This is the unforgiving-lens where if volume topology lacks conviction the setup is actively pushed by halving the lot size. However when the tree maps a genuine structural surge, this mode mirrors it, exponentially scaling exposure up to an aggressive 3.0x limit. So the Fenwick here is used to maximize alpha. Finally, our last mode is probably the most contrarian of them which could be summed up as void. Supposing the Fenwick Tree reveals a recent dry-up in volume versus past accumulation? What we would simply be seeking would be mean reversion. We code this as follows:

//+------------------------------------------------------------------+
//| Iteration 4: Contrarian/Mean Reversion (Inverse Scaling)         |
//+------------------------------------------------------------------+
double CMoneyFenwickCNN::AlgorithmMode4_MeanReversion(double current_ratio)
  {
   if(current_ratio == 0)
      return 1.0;
//--- Scales up when recent volume is heavily exhausted compared to historical
   return MathMin(m_base_volume_ratio / current_ratio, 2.0);
  }

The math lens we use here completely inverts our traditional logic. We are actively looking for a topographical cliff or a sudden profound exhaustion of momentum. If the recent volume ratio falls while the Envelopes and RSI entry signals point to a reversal, this mode would spot a vacuum/void. This is meant to spot when retail crowd has exhausted its capital. Instead of backing down when facing low volume, this mode scales up. By inverting the ratio, we heavily fund an impending mean-reversion snapback. We safely cap exposure at a 2.0x multiplier. This is meant to be counter-intuitive where capital is deployed mostly when the market has run out of breath


The Deep Learning Layer: 1D CNN

Our Fenwick algorithm above structures the cumulative volume however as already mentioned above and even noted in prior articles, algorithms on their own can be a bit rigid. In the case of the Fenwick, it may even be argued that its edge is not its ability to give a sensible volume scale ratio per se but how it helps normalize input feed to our second filter gate, a One-Dimensional Convolutional Neural Network.

Volume accumulation on its own can be jagged sometimes deceptive and fraught with institutional traps. If we were to simply apply a linear multiplier to a ratio we would be treating all volume identically.
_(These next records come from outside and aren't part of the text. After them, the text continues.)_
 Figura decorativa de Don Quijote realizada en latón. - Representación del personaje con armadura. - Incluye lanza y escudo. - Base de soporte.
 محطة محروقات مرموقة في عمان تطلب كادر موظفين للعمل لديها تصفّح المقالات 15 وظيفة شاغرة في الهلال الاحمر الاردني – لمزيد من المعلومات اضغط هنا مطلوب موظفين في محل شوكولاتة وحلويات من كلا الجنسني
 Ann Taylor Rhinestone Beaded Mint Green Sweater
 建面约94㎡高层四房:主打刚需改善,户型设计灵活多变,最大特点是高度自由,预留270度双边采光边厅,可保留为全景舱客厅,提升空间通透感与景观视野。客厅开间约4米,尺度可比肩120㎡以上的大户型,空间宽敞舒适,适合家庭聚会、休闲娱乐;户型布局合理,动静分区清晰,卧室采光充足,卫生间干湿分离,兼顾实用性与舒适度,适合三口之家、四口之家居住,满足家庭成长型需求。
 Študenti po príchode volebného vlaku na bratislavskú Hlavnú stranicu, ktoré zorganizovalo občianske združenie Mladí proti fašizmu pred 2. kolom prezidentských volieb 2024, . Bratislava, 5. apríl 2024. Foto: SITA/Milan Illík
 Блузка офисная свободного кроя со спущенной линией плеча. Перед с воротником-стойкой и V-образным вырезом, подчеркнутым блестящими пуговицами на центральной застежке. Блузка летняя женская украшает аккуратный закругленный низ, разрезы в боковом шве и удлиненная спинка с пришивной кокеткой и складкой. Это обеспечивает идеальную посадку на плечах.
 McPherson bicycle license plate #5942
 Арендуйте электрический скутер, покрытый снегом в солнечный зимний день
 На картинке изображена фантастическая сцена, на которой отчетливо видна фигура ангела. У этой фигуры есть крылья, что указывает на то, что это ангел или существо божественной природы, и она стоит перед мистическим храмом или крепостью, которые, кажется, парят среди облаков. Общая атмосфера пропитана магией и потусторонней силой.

A sustained rolling accumulation over say fifteen periods does paint a very different microstructure picture as opposed to a massive one-period volume spike even though their sums could match exactly. With this neural-gate we get into trying to understand the underlying shape of the data.
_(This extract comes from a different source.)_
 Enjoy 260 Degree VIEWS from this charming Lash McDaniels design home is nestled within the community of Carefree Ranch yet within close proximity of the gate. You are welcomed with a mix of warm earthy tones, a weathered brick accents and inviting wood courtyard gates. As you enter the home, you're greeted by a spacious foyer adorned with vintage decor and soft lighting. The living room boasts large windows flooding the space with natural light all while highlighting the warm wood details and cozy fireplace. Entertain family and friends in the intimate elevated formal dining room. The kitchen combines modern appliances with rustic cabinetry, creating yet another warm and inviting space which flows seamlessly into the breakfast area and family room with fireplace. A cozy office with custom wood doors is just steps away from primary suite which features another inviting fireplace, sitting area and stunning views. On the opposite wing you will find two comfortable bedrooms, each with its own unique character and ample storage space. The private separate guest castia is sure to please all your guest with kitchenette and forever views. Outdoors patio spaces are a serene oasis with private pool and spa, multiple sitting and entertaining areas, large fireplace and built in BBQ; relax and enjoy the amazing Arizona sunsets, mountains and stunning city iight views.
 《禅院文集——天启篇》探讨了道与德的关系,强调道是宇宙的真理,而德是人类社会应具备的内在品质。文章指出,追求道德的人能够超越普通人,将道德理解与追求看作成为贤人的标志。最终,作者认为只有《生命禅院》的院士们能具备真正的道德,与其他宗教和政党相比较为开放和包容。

To interpret the spatial hierarchy, we use a 1-Dimensional CNN as a deep learning gatekeeper. While recurrent neural networks are usually better suited for time series data, they can also be computationally heavy. A 1-D CNN on the other hand can actually be lightweight and excel in local feature extraction. By sliding a CNN kernel across the OBV array input data, we effectively have an advanced filter that can spot specific shapes of institutional volume footprints while potentially ignoring retail noise. Thus, rather than depending on heavy external libraries, or bespoke forward-pass ONNX python exports, we implement inference engine directly within MQL5. The network class we use is designed to take in the normalized sequence produced by the Fenwick Tree. Below is our CNN class implementation:

//+------------------------------------------------------------------+
//| 1D Convolutional Neural Network (CNN) Helper Class               |
//+------------------------------------------------------------------+
class CCNN1DNetwork
  {
private:
   int               m_input_size;
   int               m_filters;
   int               m_kernel_size;
   double            m_conv_weights[];
   double            m_dense_weights[];

public:
                     CCNN1DNetwork(int input_size, int filters, int kernel_size)
      :              m_input_size(input_size), m_filters(filters), m_kernel_size(kernel_size)
     {
      ArrayResize(m_conv_weights, m_filters * m_kernel_size);
      ArrayResize(m_dense_weights, m_filters);
     }

   void              InitBaseline()
     {
      for(int i = 0; i < ArraySize(m_conv_weights); i++)
         m_conv_weights[i] = 0.1;
      for(int i = 0; i < ArraySize(m_dense_weights); i++)
         m_dense_weights[i] = 1.0 / m_filters;
     }

   double            Calculate(const double &sequence[])
     {
      int output_length = m_input_size - m_kernel_size + 1;
      if(output_length <= 0)
         return 1.0;
      double dense_input[];
      ArrayResize(dense_input, m_filters);
      ArrayInitialize(dense_input, 0.0);
      //--- 1D Convolution & ReLU
      for(int f = 0; f < m_filters; f++)
        {
         double filter_sum = 0.0;
         for(int i = 0; i < output_length; i++)
           {
            double conv_val = 0.0;
            for(int k = 0; k < m_kernel_size; k++)
               conv_val += sequence[i + k] * m_conv_weights[f * m_kernel_size + k];
            if(conv_val < 0.0)
               conv_val = 0.0;
            filter_sum += conv_val;
           }
         dense_input[f] = filter_sum / output_length; // Global Average Pooling
        }
      //--- Dense Layer
      double logit = 0.0;
      for(int f = 0; f < m_filters; f++)
         logit += dense_input[f] * m_dense_weights[f];
      return 1.0 / (1.0 + MathExp(-logit)); // Sigmoid [0,1]
     }
  };

From our code above, first we define our network to have four discrete filters and kernel size of three. As the kernel slides across the input data sequence it is meant to create a feature map that highlights particular micro-patterns. Immediately after this convolution, we apply a Rectified Linear Unit activation function. This process introduces some non-linearity in the processing which zeroes out market noise for volume data points that are misaligned with target volume patterns.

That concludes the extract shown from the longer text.